Instructions to follow >>
Using the material below, repeat exactly the lines from the one with "Rosemount 2088 চাপ" through the one with "Marșul Feminist va", ends included, without any images.

Study material >>
▼

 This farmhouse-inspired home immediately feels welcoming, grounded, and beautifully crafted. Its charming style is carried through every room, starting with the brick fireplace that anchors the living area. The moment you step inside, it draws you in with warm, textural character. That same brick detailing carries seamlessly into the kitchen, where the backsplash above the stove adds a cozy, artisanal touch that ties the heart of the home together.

▲
▼

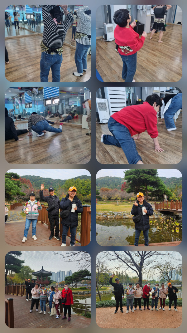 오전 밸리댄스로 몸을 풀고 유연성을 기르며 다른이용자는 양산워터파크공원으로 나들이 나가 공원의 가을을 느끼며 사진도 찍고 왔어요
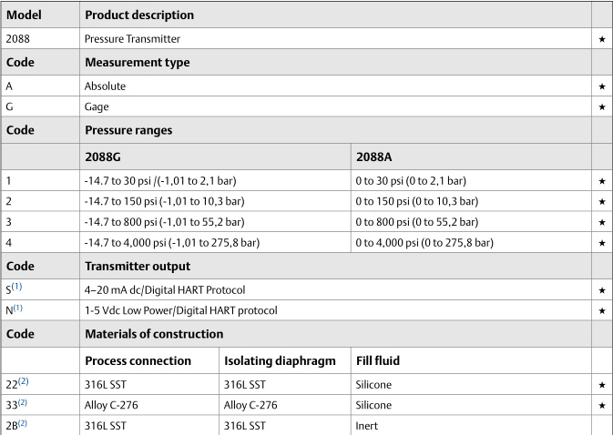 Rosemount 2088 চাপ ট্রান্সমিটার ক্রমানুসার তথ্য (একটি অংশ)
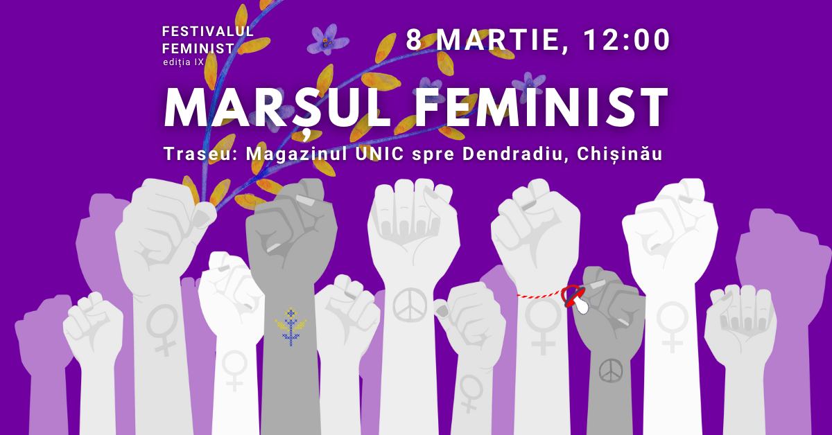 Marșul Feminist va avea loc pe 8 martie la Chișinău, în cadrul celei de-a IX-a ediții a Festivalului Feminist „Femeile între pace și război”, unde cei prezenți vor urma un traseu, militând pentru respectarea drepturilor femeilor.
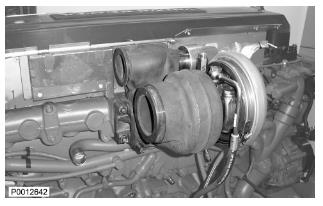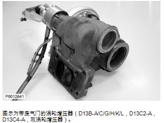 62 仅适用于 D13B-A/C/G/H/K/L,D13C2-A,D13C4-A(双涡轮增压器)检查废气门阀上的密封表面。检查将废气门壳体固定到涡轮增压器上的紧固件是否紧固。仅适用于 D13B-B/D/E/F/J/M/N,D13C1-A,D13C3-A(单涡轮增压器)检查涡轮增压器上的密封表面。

▲
▼

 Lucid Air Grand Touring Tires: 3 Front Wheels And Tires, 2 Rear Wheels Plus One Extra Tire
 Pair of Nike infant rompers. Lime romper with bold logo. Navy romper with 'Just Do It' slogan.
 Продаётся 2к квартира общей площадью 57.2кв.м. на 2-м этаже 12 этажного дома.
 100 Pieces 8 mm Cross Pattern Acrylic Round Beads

▲

Solution to the exercise >>
 Rosemount 2088 চাপ ট্রান্সমিটার ক্রমানুসার তথ্য (একটি অংশ)
 Marșul Feminist va avea loc pe 8 martie la Chișinău, în cadrul celei de-a IX-a ediții a Festivalului Feminist „Femeile între pace și război”, unde cei prezenți vor urma un traseu, militând pentru respectarea drepturilor femeilor.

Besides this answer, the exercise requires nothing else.